I should tell you that I've already lied to you.  I know, it sucks, but I'm just discovering it myself.  WE had a pick-up class for Larry Singer Saturday morning where we continued to examine some scenes and exercise in sharing  a turning point moment with a classmate that we've had little contact with and having them breakdown the story into ten words.  I, admittedly was surprised when Jeena Yi asked me to partner up with her.  It's exciting to feel wanted, but I wouldn't consider her the person that I have the least contact with in the class.  She shared something personal and deeply meaningful with me, and I was in a position where I needed to share a story that I don't like telling people about.  It was a bit tough, because I figured when this thing came out, it would be with one of the brothers and maybe a few more months down the line.  But there we were, sharing, and although it was forced (in that it may not have been something willfully shared outside of an exercise) there is a sort of serenity in understanding something about someone and having them understand something about me.  It's like giving them a very small, beautiful, injured bird and knowing that they'll care for it.  We got to continue this particular exercise this morning, which I'll share with you later, because, you know... chronology.

Saturday night was set aside for some quality bonding time with the dudes of the class.  A time to relax, let loose, not talk about the program and get to know each other a bit more seriously outside of what we see of each other in class.  Only Phillip, Andy, and Ethan could make it out, but some classic moments happened.  The kind that only a good sense of humor and a bit of alcohol can induce.  Also, this happened:


We have some immensely talented musicians in our class, and honestly, sometimes it boggles my mind that we didn't all end up in some sort of twisted musical threater program.  There's a lot of love for these guys (and the ones who couldn't make it out).  Hopefully there will be much more of this over the next few years.


SUNDAY

Sunday's usually my day of rest.  The Lord's day, as I like to call it... despite some serious irreligiousness on my behalf.  It serves as a nice day of reflection and a chance to get things done.   Domesticity is key.  Yesterday however, I made an opportunity to steal away with room-mate Jessica, her co-worker Sarah, and the always amazing Graham Forden to the Museum of the Moving Image where they have this incredible temporary installation dedicated to the work of Jim Henson.  If you are like me and you grew up during the eighties (or maybe even after, I'm not sure) you have fond memories of seeing heroes like Steve Martin and Elton John on The Muppet Show, learning to count on Sesame Street, getting scared shitless at Dark Crystal, dancing your cares away to Fraggle Rock, or (in a very special admission from me to you) discovering the amazingness of, the Thin White Duke, David Bowie and maybe also learning that your sexual orientation thanks to miss Jennifer Connely in the 1986 movie Labyrinth.  Yeah, that statement just happened.  Good lord she's.... psssssshhhhhhhhhhhh!  Yikes.

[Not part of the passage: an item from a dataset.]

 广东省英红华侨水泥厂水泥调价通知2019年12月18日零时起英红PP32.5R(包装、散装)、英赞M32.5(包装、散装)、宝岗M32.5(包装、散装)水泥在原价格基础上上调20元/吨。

See the exhibit, if you are in NYC.  If you're not, plan a trip.  Looking through sketchbooks and documentary footage and costumes and puppets and archive footage was not only an amazing trip down memory lane, but also a chance to get into the mind of a man who wanted to change the world for the better while making great and innovative art.  The man was the Jason Bourne of storytelling: anything on hand could be used to communicate an idea in a visually stunning and breathtaking way.  He respected children, and felt an obligation to enlighten them to the lessons that grown-ups had learned in a way that would be remembered. I guarantee anyone reading this can hum or sing a few bars of something that they learned from "The Street" or recount a sketch that taught something to them before it was taught to them in school.  That's a special kind of magic.  As I was looking at all of this stuff and swimming in a euphoric wonder at the work of this prolific man and his company, I was saddened at the thought that that time is gone, and I couldn't summon any one contemporary person to mind who has an artistic mission pursued with such a fervent passion.

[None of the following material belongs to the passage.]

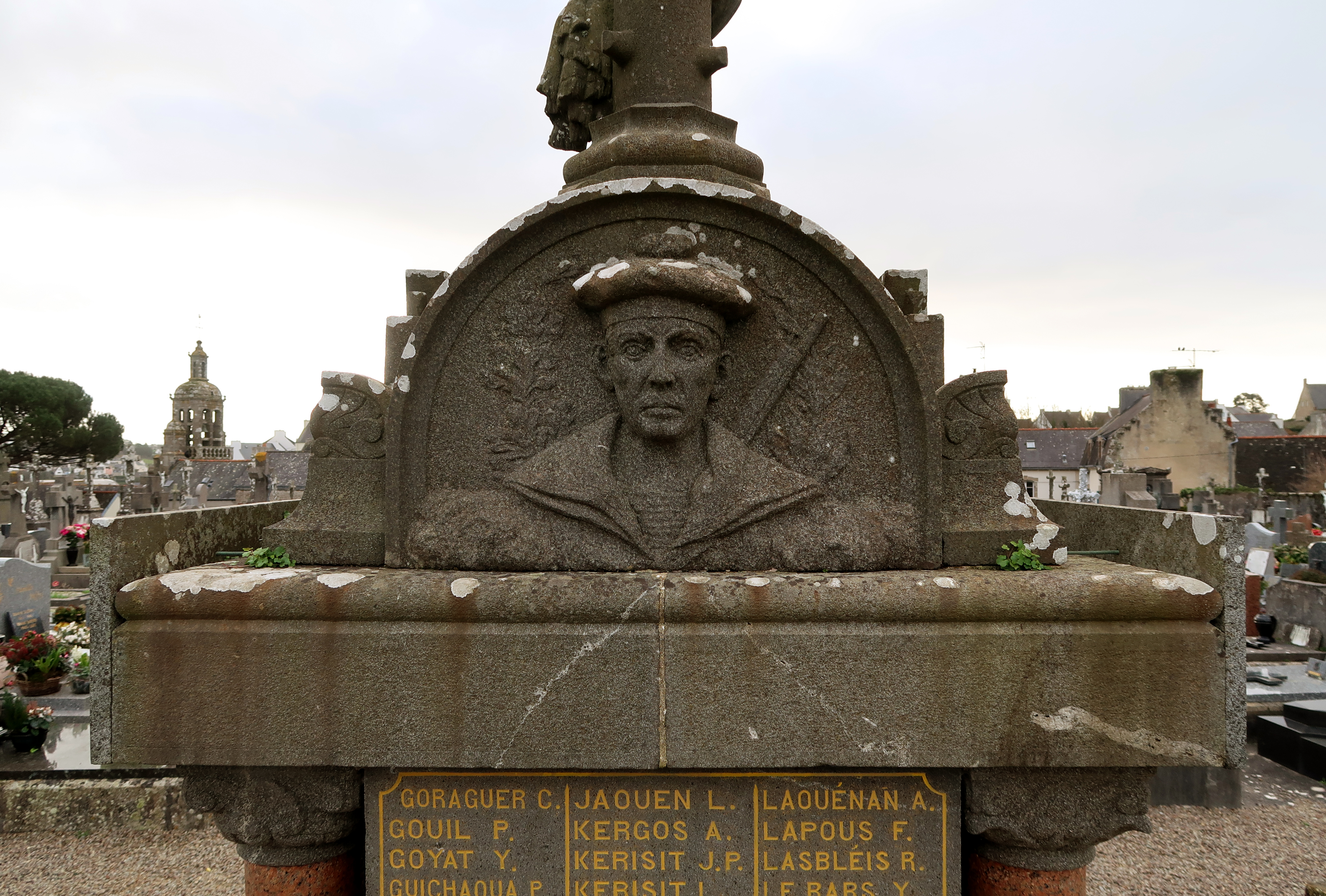 Croix du cimetière et monument aux morts, vue rapprochée du côté nord : représentation d'un marin. (2020)Immatriculation

I also found a quote amongst that many signs and pages telling of this man's work that stuck with me, because it gave me a bit of comfort from a burgeoning doubt in my mind.  I think it draws upon some ancient gestalt that only shamans and healers can tap into with such ease.  I'd like to share it with you:

"I believe that we form our lives, that we create our own reality, and that everything works out for the best.  I know I drive some people crazy with what seems to be ridiculous optimism, but it has always worked out for me."
-Jim Henson

That was the closest I could come to Kermit Green, which I think is totally appropriate!

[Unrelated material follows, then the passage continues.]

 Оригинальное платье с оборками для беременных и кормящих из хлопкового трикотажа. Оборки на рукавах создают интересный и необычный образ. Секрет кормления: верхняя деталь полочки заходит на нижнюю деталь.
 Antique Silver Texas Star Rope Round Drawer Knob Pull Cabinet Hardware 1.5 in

I left the museum, (which you should also check out if you are interested, as an artist, in motion picture and television, because there lies your history) fully inspired by the sense of experimentation and exploration and passion.  I can only hope to apply it from here on in.


MONDAY

I've been riding the train in to school as of late because the M60 has been so horrendously unreliable as of late.  I'll take the NQ down to Times Square and hop the 123 back up to 116th.  I was fortunate enough to witness something today that really grabbed me.  There was a foreign girl on the 2 train who was asking for directions from the woman across from her.  The woman began to yell at the girl about not being from here and not being worth the time.  I should tell you that there was another woman who ended up giving the poor girl directions, before I forget.  The angry woman launched herself into a diatribe against all foreigners, the ruin of the country, terrorism, Obama's "failures", and 9/11.  I feel she must have lost somebody on September Eleventh, but the amount of pain and anger and violence was truly stunning.  I was stunned.  I looked around the car and I wasn't the only one.  Some people shifted uncomfortably, some looked down, some grimaced and continued to read there papers, while others still wheeled up the volume on their iPods.  No one was doing anything to stop it; neither was I.  I felt as if I should speak up; speak out against it, but I was a dumbstruck mute.  I felt shame as I looked around the car and found the eyes of other people who seemed to be personally wounded by the angry woman's xenophobic onslaught.  I so desperately wanted to lash back out, but the train had stopped at 96th street, we both exited, her to the surface, me to the 1 train, and I was left thinking that perhaps it was better to remain mum.  After all, can one fight ingnorance with complementary volume?  Does the harmonious discord of clashing opinions do anything but resonate a greater fury?  What is the best way to change a heart?  Can it be done, or do old hatreds run too deep?  The questions from the whole experience was something that continued to beleaguer me for the rest of the day.

We continued on Larry's class from where we had left off on Saturday.  I learned that I may internalize too much, and that I don't let much out.  It's something I've become practiced at, but it troubles me that I may be so shielded to others, even the people I consider myself comfortable with, that I may be coming off as aloof and unappreciative of the relationships that I share with them.  We concluded with the reading of the ten words written about or life-defining experience.  The person who had the experience simply stood and breathed in front of the class while the partner read the words from behind everyone.  I tried my best to take care of Jeena, as she did with me.  My experience is more a statement of facts to me now than an occurrence.  I thought that the fact that I feel little over the matter was a part of the healing process, but in light of everything that has been examined in myself over these last few weeks, I questioned myself today the possibility that perhaps I have shielded myself from myself as well, and what that means.  I suppose the only thing to do is to continue to examine and explore and try harder and better tomorrow to be better; more genuine; more honest to myself and the people around me.

"There is work in the world, man, and it is not by hiding behind stone walls that we shall do it."
-Sir Arthur Conan Doyle

Bro-in', and bro-in', and bro-in' it UP!